Prunus sp. umfasst einige der wichtigsten europäischen Obstarten, daher sind genetische Studien besonders wichtig. Prunus Arten mit einem sehr kleinen Genom haben eine grundlegende Anzahl von 8 Chromosomen und sind diploid (2n = 2x = 16) bis hexaploid (2n = 6x = 48). In dem Versuch, mit wissenschaftlichen Daten Fragen an transgene Nutzpflanzen zu beantworten, beinhaltet der erste Schritt die detaillierte genetische und molekulare Charakterisierung der transgenen Pflanzen. Bei der Erstellung des Karyotyps sowohl von PIS (P. incisa x serrula (GM 9) InmilR) als auch von PAR (Prunus subhirtella autumnalis rosea) konnte anhand der Größe nur Chromosom Nummer 1 eindeutig identifiziert werden. Deshalb wurde die FISH Methode gewählt, um die Anzahl und die physische Position der rDNS von PIS und PAR festzustellen. Um die Qualität der Sonde zu optimieren, wurden drei verschiedene Färbemethoden verglichen. In dieser Studie war die Färbung von pTA71, das die 45S rDNS beinhaltet, mittels Nick Translation nur erfolgreich, wenn das Plasmid linearisiert wurde. Obwohl die Färbung mittels PCR einen großen Fortschritt bedeutete, war sie durch die Größe der produzierten Sonde limitiert. Entsprechend der Größe der Chromosomen wurde ein Karyotyp erstellt. Die gleichzeitige Hybridisierung mit 5S rDNS und 45S rDNS, die mit zwei Farbstoffen markiert waren, erlaubte die Identifizierung von 4 Chromosomen des tetraploiden Genoms mit 2n = 4x = 32 Chromosomen von PIS und von 3 Chromosomen des diploiden Genoms (2n = 2x = 16) von PAR. Für PAR wurden 6 Signale für 45S rDNS auf den Chromosomen Nummer 2, 3 und 6 detektiert. Das Signal auf Chromosom Nummer 6 ist schwächer als die anderen Signale für 45S rDNS. Die 5S rDNS wurde in der Nähe der starken 45S rDNS Signale auf Chromosom Nummer 2 und 3 detektiert. Für PIS konnten 12 Signale für 45S rDNS und 4 Signale für 5S rDNS detektiert werden. Die Signale für 45S rDNS sind in der terminalen Region der Chromosomen Nummer 2, 3 und 6. Das Signal für 5S rDNS befindet sich auf Chromosom Nummer 7. Diese Studie ist der erste Bericht über die Anwendung von FISH zur Bestimmung der Anzahl und Lokalisierung der rDNS auf Chromosomen von PIS und PAR.

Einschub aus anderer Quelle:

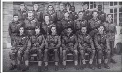
Yang Teramat Mulia Paduka Seri Duli Pengiran Muda Hassanal Bolkiah ketika mengikuti kursus Kotenteraan di Akademi Tentera Diraja, Sandhurst, United Kingdom dalam tahun 1966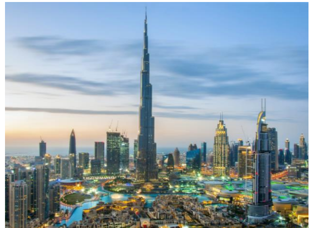
Dubai is die hoofstad van die Verenigde Arabiese Emirate en Aprilmaand is een van die beste maande van die jaar om die stad te besoek.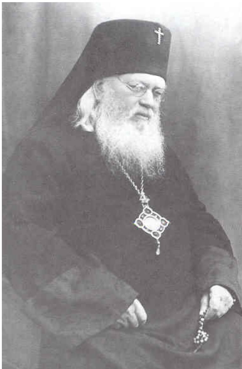
Άγιος Λουκάς Αρχιεπίσκοπος Συμφερουπόλεως και Κριμαίας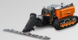
CUTTER BAR BARRA FALCIANTE CUTTER BAR

Barra leggera e maneggevole con 40 denti in carburo di tungsteno resistenti all'usura, ideale per tagliare alla base l'erba o il foraggio per permettere in seguito l'essiccazione e il successivo stoccaggio.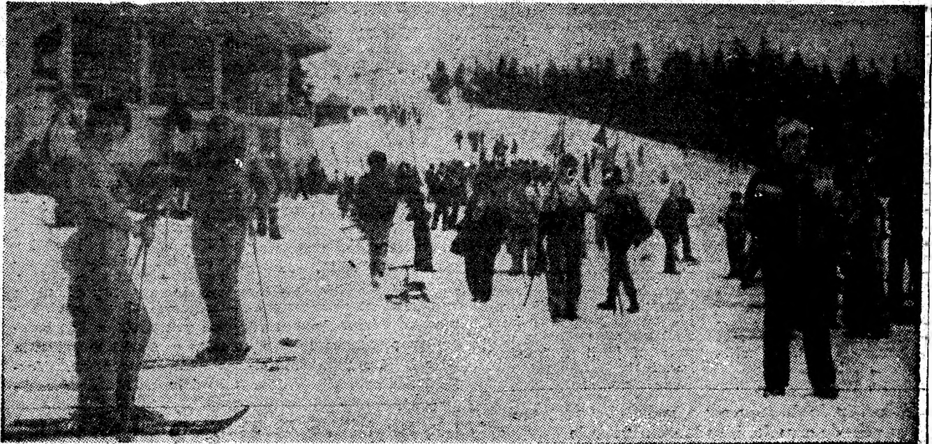
Animatie de zile mari pe pirtia bazelor didactice din Parîng.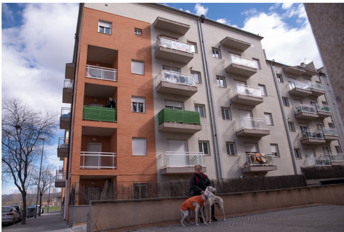
Montse Martínez davant de l'edifici on viu a Vic | Dolors Pena

El veïnat de catorze de les 37 promocions d'habitatge de protecció oficial de l'entitat financera llança la campanya «Destapem La Caixa» per reivindicar una negociació col·lectiva i la consolidació d'un parc protegit de lloguer | Una de les promocions afectades és una amb 112 habitatges al barri d'Osona de Vic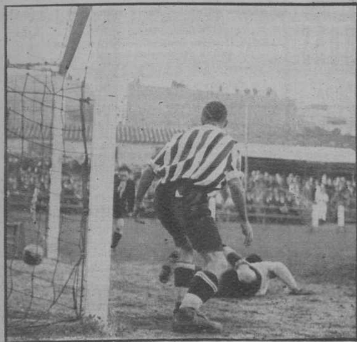
Barcelona.—Partido Martinen c-Barcelona. El primer goal del Barcelona.—(Fot. Florit)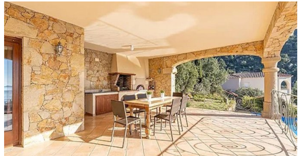
Spanien Costa-Brava Ferienhaus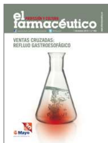
Portada del número 482

2. Titular: Referente al tema al que se le dedica más páginas. Consta de una frase escrita, con tipografía de palo seco y en caja alta (mayúsculas), que carece de verbo. El color de las letras se escoge por criterio de contraste con el color de fondo.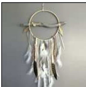
1 décor bois flotté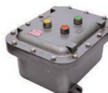
EXCO Caja para contactores tripolares de 3Kw-7A hasta 45Kw-95A.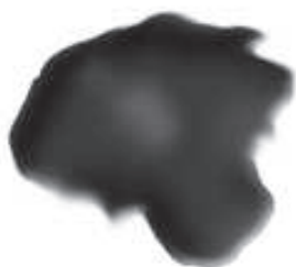
चित्र 5.3 : कोलतार।

यह एक अप्रिय गंध वाला काला गाढ़ा द्रव होता है (चित्र 5.3)। यह लगभग 200 पदार्थों का मिश्रण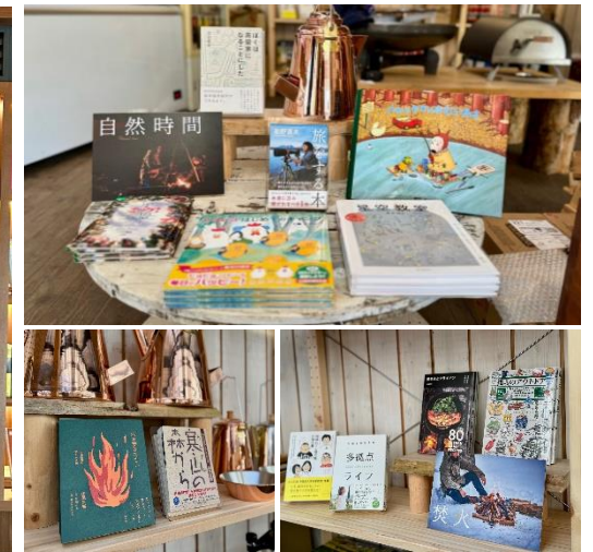
▲アウトドア施設事例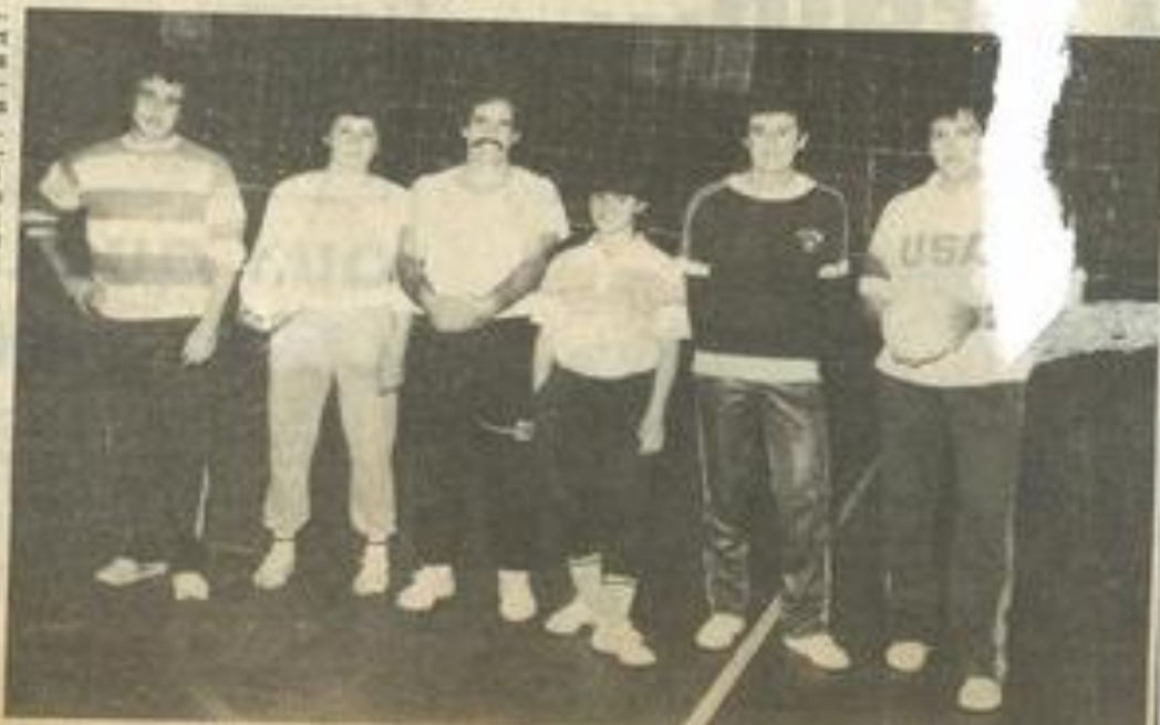
• Le premier entraînement de Sport pour Tous.

La section a choisi le volley comme activité et prépare un tournoi corporatif. Tout le monde est accepté.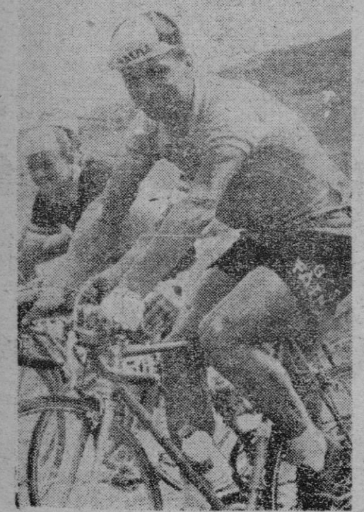
RIK VAN LOOY durante la Vuelta a España

Lo mismo puede decirse de los cinco y diez kilómetros. Estoy seguro que en este momento contamos con media docena de hombres capaces de figurar sin des-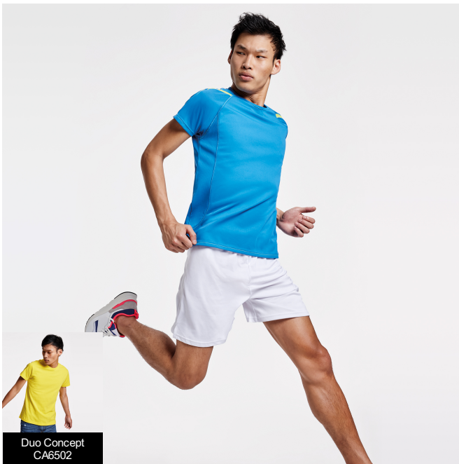
Duo Concept CA6502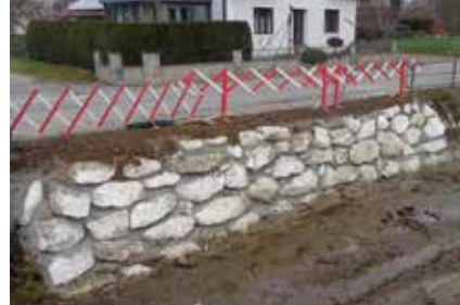
Sickingerstraße Abzweigung Schönbachstraße

Auch heuer wurden im Rahmen des Betreuungsdienstes der Wildbach- und Lawinverbauung wieder Sanierungen durchgeführt.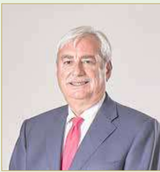
جان كريستوف دوراند

لم تتغير ربحية السهم الواحد للربع الأول 2021 عن الفترة ذاتها 2020، حيث بلغت 8 فلويس بحرينية. وشهد إجمالي الدخل الشامل العائد لمساهمي بنك البحرين الوطني خلال الربع الأول 2021 ارتفاعاً ليصل إلى 16.1 مليون دينار، مقارنة بإجمالي الخسارة العائدة للمساهمين بقيمة 39.3 مليون دينار في العام 2020. وتُعزى الزيادة - في معظمها - إلى تحركات القيمة السوقية للسندات السيادية. انخفض الدخل التشغيلي بنسبة 3.5% ليبلغ 38.9 مليون دينار مقابل 40.3 مليون دينار لفترة نفسها من العام الماضي، حيث تأثر إلى حد كبير بانخفاض الرسوم والهامش الناجمة عن جائحة كوفيد-19 والتي لم تؤثر على إيرادات الربع الأول 2020. شهد إجمالي حقوق المساهمين للمجموعة انخفاضاً بنسبة 3.6% ليصل إلى 500.8 مليون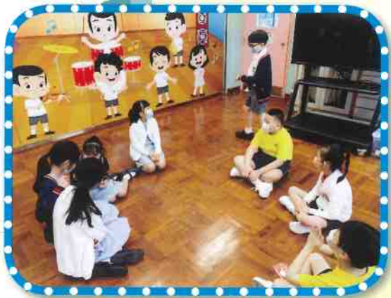
建立團隊精神的遊戲

成長的天空計劃（四年級）於10月開展，並有15名學生參加。計劃希望能提升學生的正面社會聯繫、提高學生效能感、歸屬感及樂觀感，以幫助他們面對成長的挑戰。本學年因為疫情停課的關係，小組活動需要以視像形式進行，亦未能外出的營地挑戰。即使隔著螢光幕，學生仍積極投入活動，實在值得讚賞。期待下學年疫情能有好轉，並與同學們一同到戶外營地，挑戰自我。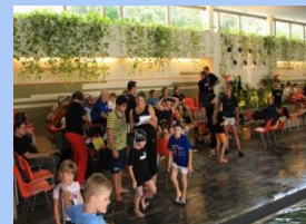
Der Familienbereich im ERKA-Bad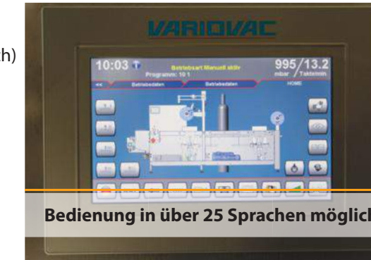
Bedienung in über 25 Sprachen möglich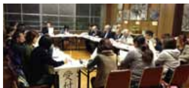
関係団体によるWAP会議

中間西小学校区では、PTAや児童部、青少年育成市民会議、自治会などと学校が連携して、児童の学力向上や安全確保、健全育成に取り組む「WAP(西小アクション推進協議会)」が組織されています。 WAPでは、これまで、ふるさとみまわり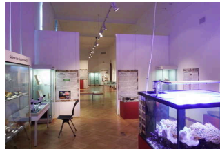
Ausstellungsraum/ Sonderausstellung/ 1. OG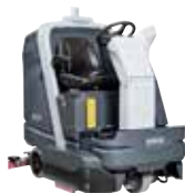
SC6000 Поломоечные машины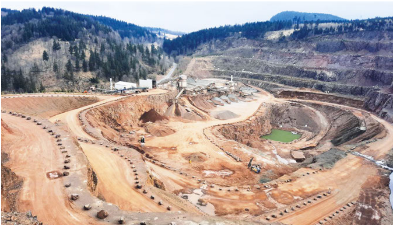
Fot. 3. Złoże trachyandezytu - Kopalnia Melafiru „Rybница Leśna” – Fot. 1 - 3

Złoże eksploatowane jest przez Kopalnię Surowców Skalnych w Bartnicy Fot. 1-3). Udostępnione jest na 10 poziomach w wyrobisku stokowo-wgłębnym. Eksploatowane jest systemem ścianowym z równoległym postępowaniem frontów. Wydobywany melafir wykorzystywany jest do produkcji kruszyw drogowych i kolejowych.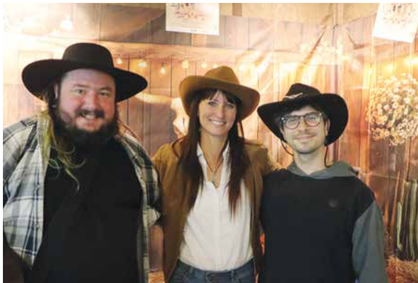
Les acteurs de La Décharge dégaineront dès le soir du Réveillon.

Si vous désirez nous faire part d'un événement qui se déroule au Val-de-Ruz, faites-nous parvenir vos informations détaillées par courriel à l'adresse redaction@valderuzinfo.ch . Le délai d'envoi des textes pour le numéro 336 (à paraître le 15 janvier 2026) est fixé au mardi 6 janvier . Le libellé de l'annonce est du ressort de la rédaction. Les lotos, matches aux cartes, cours particuliers, ne sont pas référencés dans l'agenda. Pour ce genre de manifestation, il faut se référer à la rubrique petites annonces sur www.valderuzinfo.ch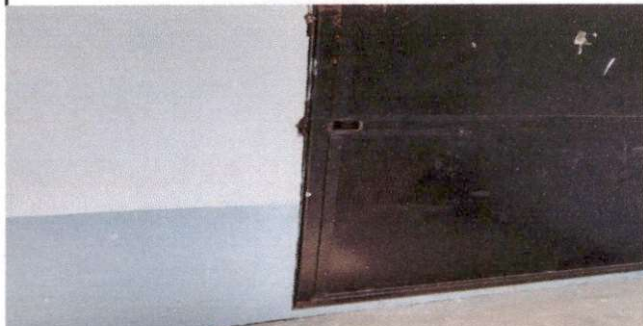
FOTO 2: Mantenimineto a estructura (lijado, cambio de tubo, cepillado, aplicación de pintura)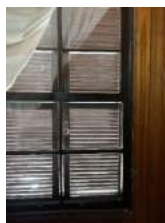
Imagem 23 – Foto da janela do pavimento térreo, com veneziana externa (2021).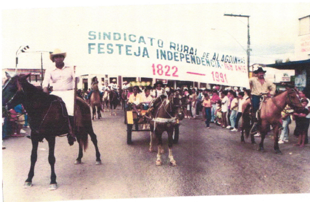
Foto do Sindicato Rural, em 1991. O Sindicato sempre foi um parceiro do Casamento Matuto. A charrete da foto, participa do desfile do 7 de Setembro, como os cavaleiros e amazonas que também servem de convidados para o casamento.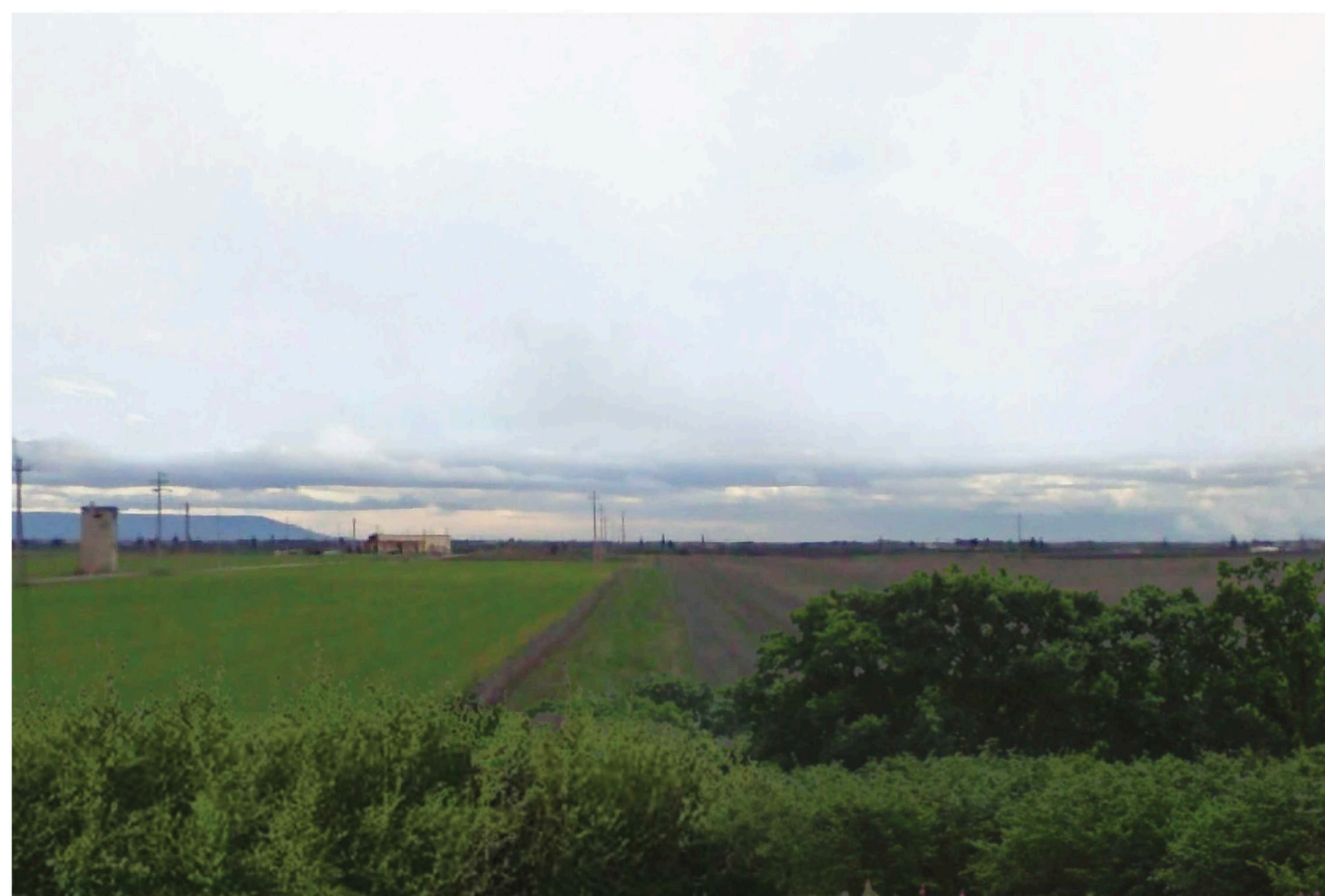
Orta Nova 2. Inquadatura 4 - Sato di fatto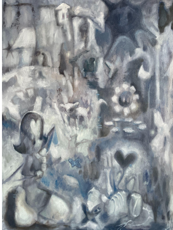
Past Master, 2023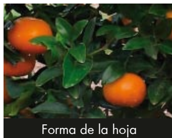
Forma de la hoja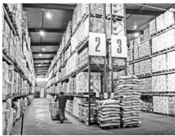
Склад готовой продукции Поспелихинской макаронной фабрики.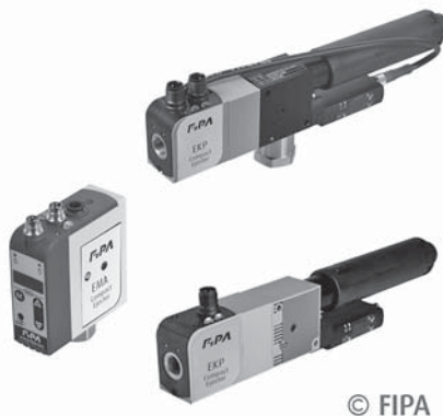
SLIKA 22 – FIPA -ina izbacivala

Izbacivala tvrtke FIPA (slika 22) s integriranom regulacijom tlaka smanjuju potrošnju komprimiranog zraka u poroznim i zatvorenim otprescima uz uštedu energije i bez skraćanja ciklusa proizvodnje. Izbacivala serije EKPP , EKP i EMM opremljena automatskom regulacijom tlaka smanjuju potrošnju komprimiranog zraka do 50 % po otpresku bez obzira na poroznost. Za pločaste otpreske, izbacivala serije EMA i EKP-LSE , uz funkciju elektroničke uštede zraka, postižu uštede i do 97 %. Integrirana elektronika aktivira se čim stupanj podtlaka dosegne određenu granicu i do tada se ne troši komprimirani zrak. Za razliku od industrijskih sustava za komprimirani zrak koji rade na 4 do 8 bara, sva FIPA -ina izbacivala upotrebljavaju 3,5 bara i postižu maksimalan podtlak od 4 bara. Tako, na primjer, u primjenama koje uključuju rukovanje drvenim oplatom godišnja ušteda od 23 % može biti postignuta tlakom od 5 bara primjenjujući izbacivalo serije EKP s nominalnom širinom od 1,5 mm. Takva ušteda postignuta je s 20 ciklusa u minuti u dvije 14-satne smjene u 220 radnih dana i potrošnjom zraka od 64,5 l/min. U izbacivalima koja upotrebljavaju višestruke komore koje, također, smanjuju potrošnju zraka, podtlaku treba više vremena da poraste i time je produljeno vrijeme ciklusa. Sva FIPA -ina izbacivala imaju maksimalnu masu od 250 g i time su 50 % lakša od drugih izbacivala.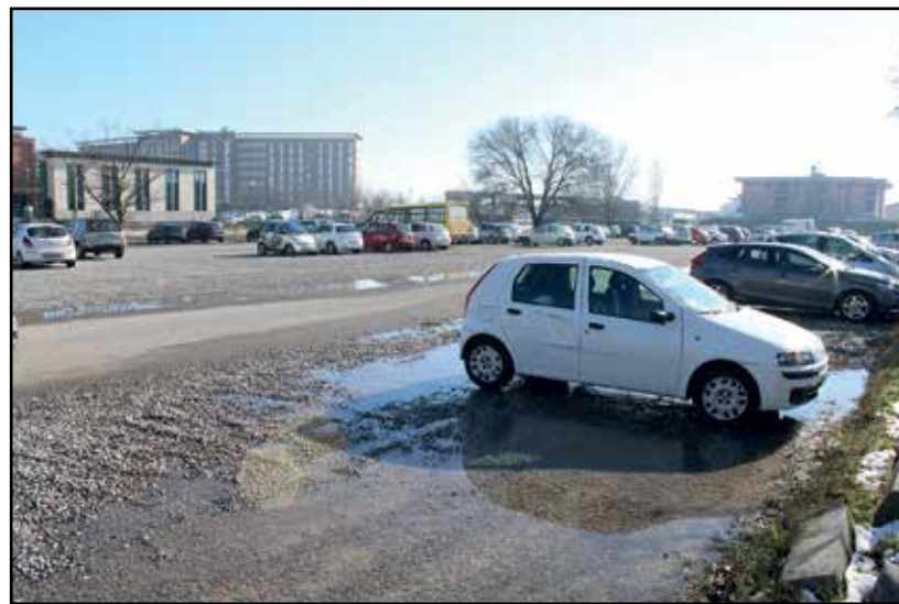
La situazione del parcheggio esterno dell'Ospedale mentre in quello interno "fioccano" le multe.

Il parcheggio ASL-Ospedale è, ormai, una leggenda. In negativo. Documentata dalle infinite lamentele ai vari giornali locali e provinciali. Qualcosa, di volonteroso, è stato fatto. Non basta. L'ideale sarebbe un parcheggio come "Dio comanda". Ma se aspet-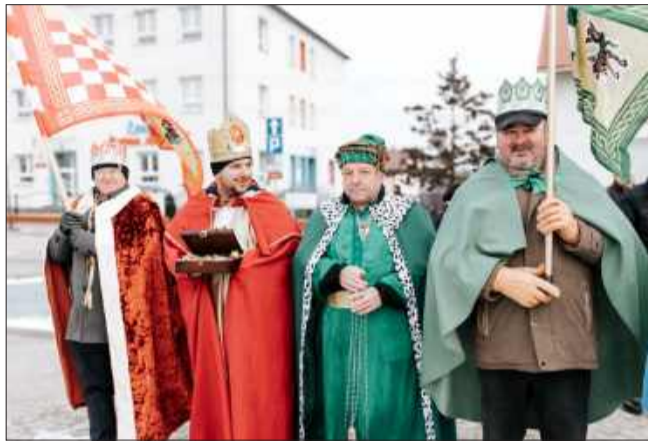
Orszak Trzech Króli na ulicach Przecławia.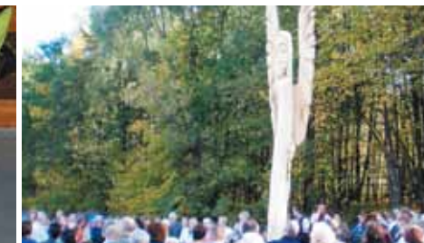
Figura „Olsztyńskiego Anioła Stróża”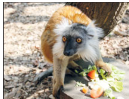
Také lemuri černí jsou v hodonínské zoo už doma.

„Svému předchůdci v expozici se dost podobají, jsou ale menší,“ řekla na adresu příchozích, kteří jsou v českých zahradách k vidění jen vzácně, zooložka Lenka Pacíková. Teju s černou kůží s bílými skvrnami a dlouhým ocasem sice do Hodonína přišli prostřednictvím Zoo Plzeň z USA, ale jejich domovinou je Jižní Amerika. „Tato zvířata se vyznačují velkým apetitem. Jsou doslova žravá a hamtavá. Stačí, když chovatel nešikovně podá krmení a může se dočkat pořádného kousance,“ prozrazuje zooložka. Plazi, již se převážně živí hmyzem, drobnými savci a ovocem, se v zoo zabydleli rychle. „Už si užívají i bazénku,“ hlásila hned druhý den po jejich příchodu chovatelka Jitka Ebertová. Pokračování na str. 6

Zusammenfassung (Englisch)

Prunus sp. is one of the most important European fruit species, thus rendering genetic studies particularly interesting. Prunus species with a very small nuclear genome have a basic chromosome number of 8 and range from diploid (2n = 2x = 16) to hexaploid (2n = 6x = 48). In an attempt to provide scientific data answering the concerns about transgenic crops, the first step involves to characterize transgenic plants in detail at the genetic and molecular level. By karyotyping, both in PIS (P. incisa x serrula (GM 9) InmilR) and PAR (Prunus subhirtella autumnalis rosa), only chromosome number 1 could be clearly identified by its size. Therefore a FISH approach was chosen to determine the number and the physical position of rDNA in PIS and PAR. To optimize the probe quality three different labelling methods were used. In this study the labelling of pTA71, containing the 45S rDNA, by nick translation was only successful if the plasmid was linearized. Although PCR labelling method showed a great improvement for probe labelling, it was limited by the size of the produced probe. A karyotype according to the size of the chromosomes was established. The simultaneous double colour hybridization with the 5S rDNA and the 45S rDNA of the PIS chromosomes allowed the identification of four chromosomes of the tetraploid genome with 2n = 4x = 32 chromosomes, and of three chromosomes of the diploid (2n = 2x = 16) genome of PAR. For PAR 6 signals for 45S rDNA were detected on chromosomes number 2, 3 and 6. The signal on chromosome 6 is weaker than the other signals for 45S rDNA. The 5S rDNA was detected close to the strong 45S rDNA signals on chromosome number 2 and 3. For PIS 12 signals for 45S rDNA and 4 signals for 5S rDNA could be detected. The signals for 45S rDNA are on the terminal region of chromosomes number 2, 3 and 6. The signal for 5S rDNA is located on chromosome number 7. This study is the first report of using FISH to determine the number and the physical position of rDNA on chromosomes of PIS and PAR.